Spider-Noir e a origem mais brutal do Teioso
A série Spider-Noir, produzida pelo Prime Video e estrelada por Nicolas Cage, decidiu abandonar a fórmula clássica do "garoto picado por uma aranha radioativa" para mergulhar em um território de horror visceral. Nos episódios 5 e 6, intitulados respectivamente "Betrayal" e "Nightmare on a Gurney", a trama se afasta das convenções dos super-heróis tradicionais e abraça uma estética de filme de terror da Universal, revelando uma origem para o protagonista que é, possivelmente, a mais perturbadora de toda a história da Marvel nos cinemas e streaming.
Diferente das adaptações do Universo Cinematográfico Marvel (MCU), que optaram por pular o arco de origem de Peter Parker por considerá-lo saturado, Spider-Noir utiliza sua premissa para subverter o conceito de "evento canônico". Aqui, a transformação do herói não é um acidente fortuito, mas o resultado de experimentos desumanos conduzidos durante a Primeira Guerra Mundial.
Contexto: por que a mudança importa
Para entender o impacto dessa revelação, precisamos olhar para como a série constrói seu mundo. A narrativa estabelece que a gangue de Silvermane (o mafioso clássico da Marvel) — composta por figuras como Flint Marko (o Homem-Areia), Dirk Leydon e Lonnie Lincoln (o Lápide) — obteve seus poderes após servir como cobaias em um laboratório secreto francês durante a guerra. Eles foram submetidos a injeções de DNA animal, mineral e vegetal.
O grande diferencial aqui é a introdução do Man-Spider em live-action. Nos quadrinhos, o Man-Spider é uma forma monstruosa e irracional que o Homem-Aranha assume em certas mutações. Na série, ele aparece como uma vítima trágica dos experimentos, um ser meio-humano e meio-aracnídeo mantido em uma maca hospitalar. É esse ser que, através de uma mordida, infecta o protagonista, Ben Reilly, com um coquetel de DNA corrompido. Esse momento de body horror (horror corporal) marca o tom da série, diferenciando-a de qualquer outra produção anterior do herói.
Elementos da nova origem de Spider-Noir:
- Origem militar: Os poderes não vêm da ciência civil, mas de armas biológicas criadas pelo exército.
- Mutação forçada: O protagonista é infectado por uma vítima prévia (o Man-Spider), tornando o processo muito mais traumático.
- Fuga desesperada: A mudança de nome para Ben Reilly não é apenas uma escolha, mas uma necessidade de sobrevivência após fugir de militares que tentavam transformar o herói em uma arma viva.

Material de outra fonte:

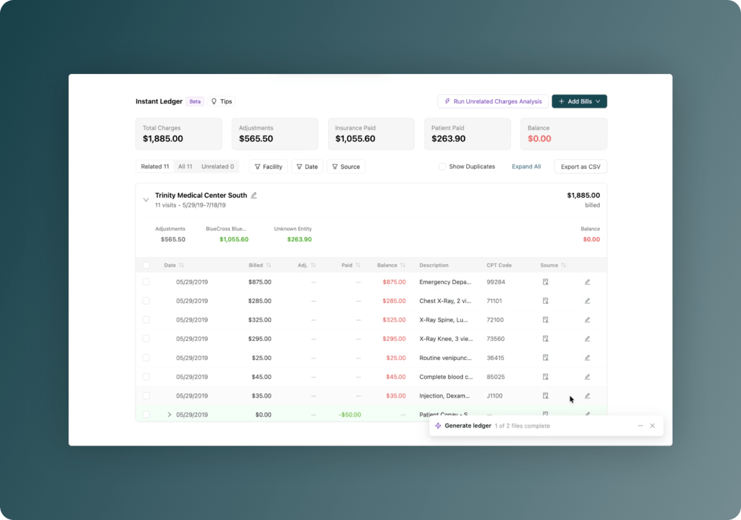 - Instant ledgers and liens: for medical expenses incurred by client, providers, government, etc.

Reação dos fãs e do mercado
A recepção tem sido marcada pelo choque positivo. Ao abraçar uma classificação indicativa mais alta, a série permite que o público veja o lado sombrio do Homem-Aranha que o MCU, focado em um público mais amplo, jamais poderia explorar. O desempenho de Nicolas Cage como um herói relutante e atormentado tem sido um dos pontos mais elogiados, trazendo uma profundidade dramática que sustenta a atmosfera pesada da produção.

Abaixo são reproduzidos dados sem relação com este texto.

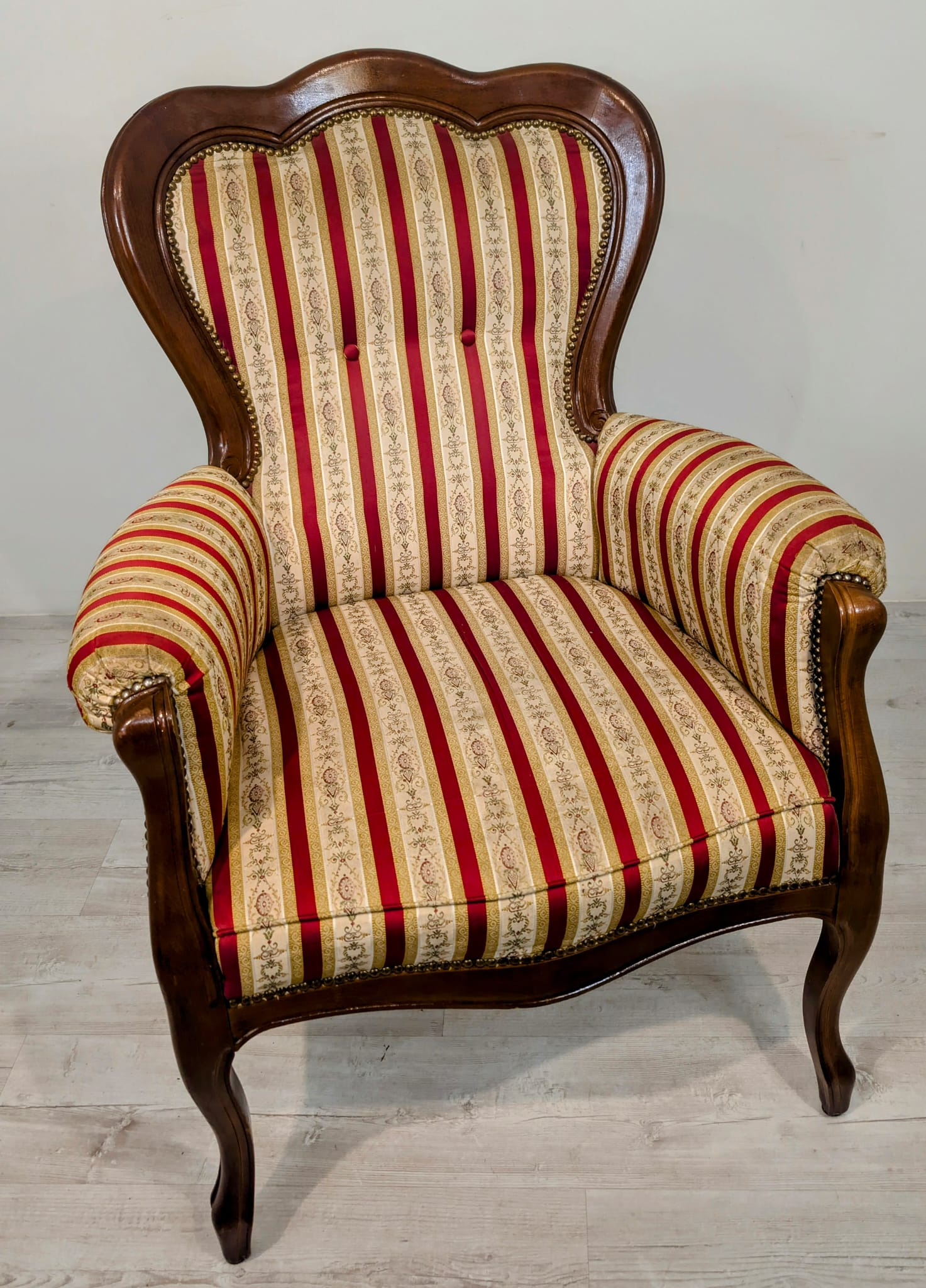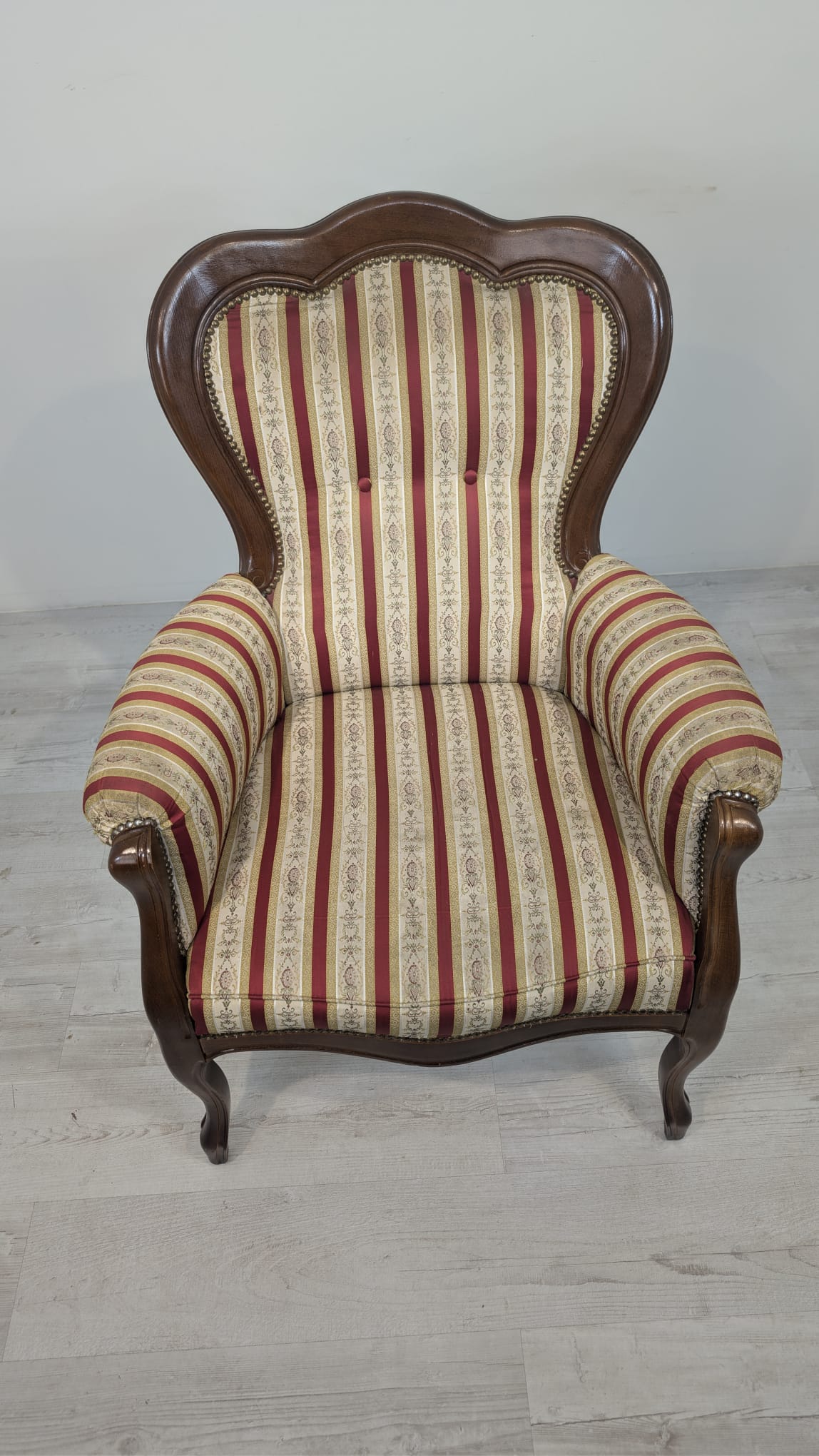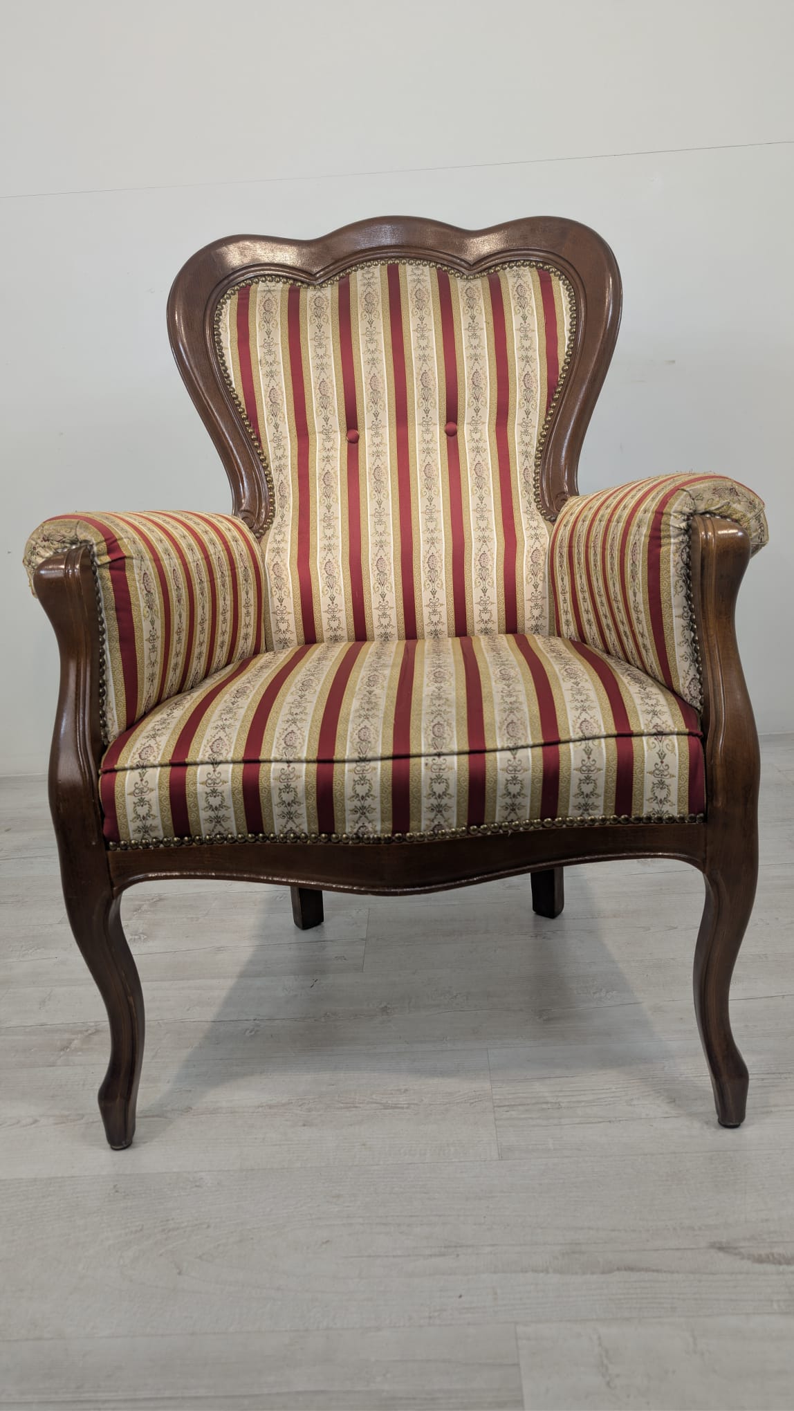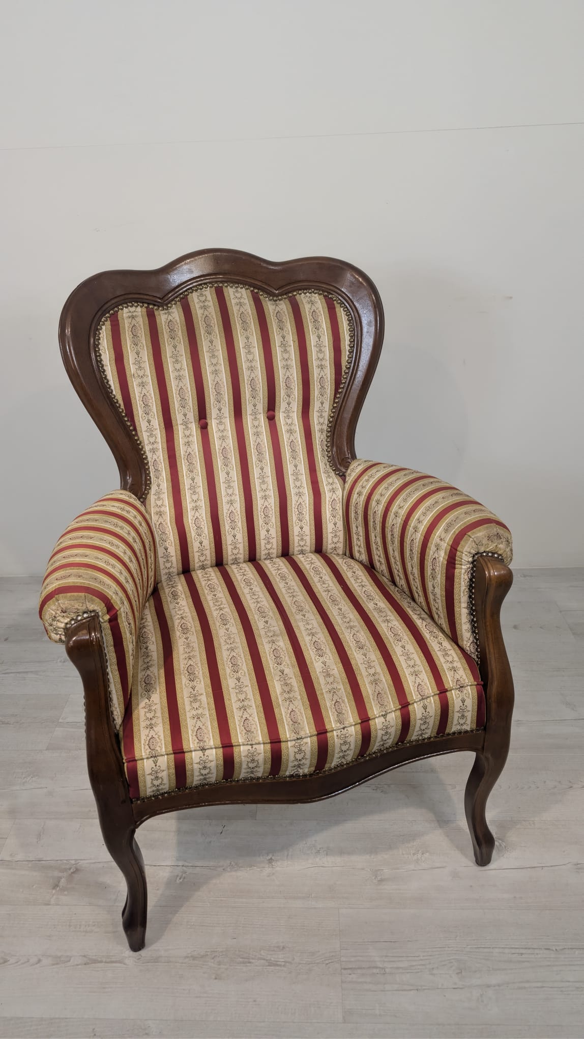 Stylowy fotel w stylu Ludwika XV, na sprężynach, z drewnianą, rzeźbioną ramą w ciemnym odcieniu. Tapicerka w pionowe pasy w kolorach czerwieni i beżu, dodająca elegancji temu meblu.

A escolha estética de oferecer uma opção de visualização em preto e branco reforça a homenagem ao gênero noir, tornando as cenas de horror ainda mais impactantes. O mercado observa com atenção, já que o sucesso dessa abordagem pode abrir portas para que a Sony e a Amazon explorem outros personagens da teia do Aranha sob uma ótica mais adulta e experimental.
O que esperar da trama
Com todos os oito episódios já disponíveis no Prime Video, a série consolidou seu lugar como uma das obras mais corajosas da Marvel. A grande questão que fica para os fãs é se o Man-Spider será apenas uma referência à origem ou se teremos mais desse horror biológico em futuras temporadas. A série não apenas entrega uma história de detetive, mas uma exploração sobre o trauma e o custo de ser um "monstro" em um mundo que não entende sua natureza.
O próximo nível para o Aranha
Se você busca algo além da aventura colorida e heroica, Spider-Noir é o ponto de partida ideal. Para quem deseja acompanhar o que vem a seguir, os pontos de atenção são:
- Expansão do multiverso: Como essa versão de Ben Reilly se conecta (ou se isola) de outras variantes do Aranha.
- Novos vilões: A série provou que pode adaptar vilões menos convencionais com sucesso, o que aumenta a expectativa para futuras ameaças.
- Continuidade: Fique atento aos fóruns oficiais e redes sociais da plataforma, pois a recepção crítica pode ditar o ritmo de renovação para um segundo ano.